Here it is December 11th and I have not really even begun to think about Christmas. I mean, I know it is coming and I have a vague recollection that I need to do some preparation for it, but most of all I’m just trying to wrap-up end of the semester grades and keep up with the day to day. When the holidays come, although I’m grateful for special time with family, I mostly feel like I’m chasing my tail trying to add “festive holiday decorations and Christmas cheer” to my things to do list.

While attending  the National Communication Association annual convention a few weeks ago, I sat in on a session that included a paper on how holidays traditionally create a lot more work for women. As the topic was introduced, the mostly female audience laughed and nodded, relating to the research. The room full of academics, many of whom were also mothers, listened intently to the findings as the presenter explained the way women work hard to create and maintain holiday traditions, foster meaningful interaction between family members, and overall, provide food and fun for happy memories. Whew!

No one in the room argued with the worthiness of these goals, we only shook our heads in agreement as we reflected on our own holiday to do lists and the way they run us ragged. For a good cause, of course, but the added pressure for women threatens burnout instead of beauty and bounty.
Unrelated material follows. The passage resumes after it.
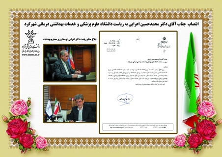 «بر اساس مصوبه پنجاه و هشتمین کمیته تایید صلاحیت روسای دانشگاه ها در شورای عالی انقلاب فرهنگی، به عنوان "رئیس دانشگاه علوم پزشکی و خدمات بهداشتی درمانی شهرکرد" منصوب می شوید.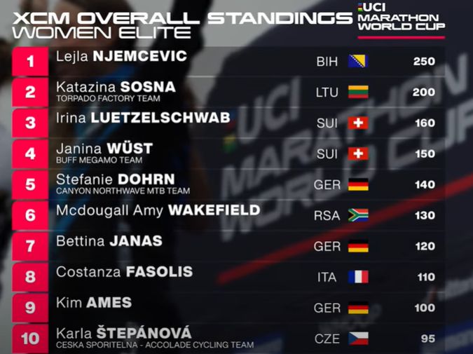 Nakon posljednjeg upisa bodova najbolja bh. biciklistkinja Lejla Njemčević zauzela je prvo mjesto na svjetskoj UCI maraton ranking listi.

The holiday madness of Black Friday and Cyber Monday add to the buzz, and while some may find the thrill of the season exhilarating, others find it dizzying.

I don’t really have a solution to propose. Eliminating the holidays is a bad idea and I have yet to find a pause button for everyday life (to free up time for special events). Still, the holidays may prompt us to take a look at our values and return to what is most important. Here are a few ideas to find more peace this season.

First, women can share the load a bit more by making holiday preparations a team (family) event. Decorations, gift buying, food preparation, and more can be delegated to other members of the family so “the mom” (or dad) isn’t doing it all.

Second, it is possible to prioritize and even cut out a few “festivities” that aren’t as important. For instance, I have never made Christmas cookies, ever. If you make Christmas cookies, great! But I don’t – it’s just not important to me. Take stock of your holiday traditions and decide if there are any that can be revised or delegated to lighten the load.

Finally, take the pressure off by giving yourself permission to let go of extra activities or tasks that don’t add energy to your life. Do what you love to do and make the rest optional. Wearing yourself out for the holidays isn’t going to benefit your family or you in the long run. Plan your holiday happenings so they are more blessing and less burden.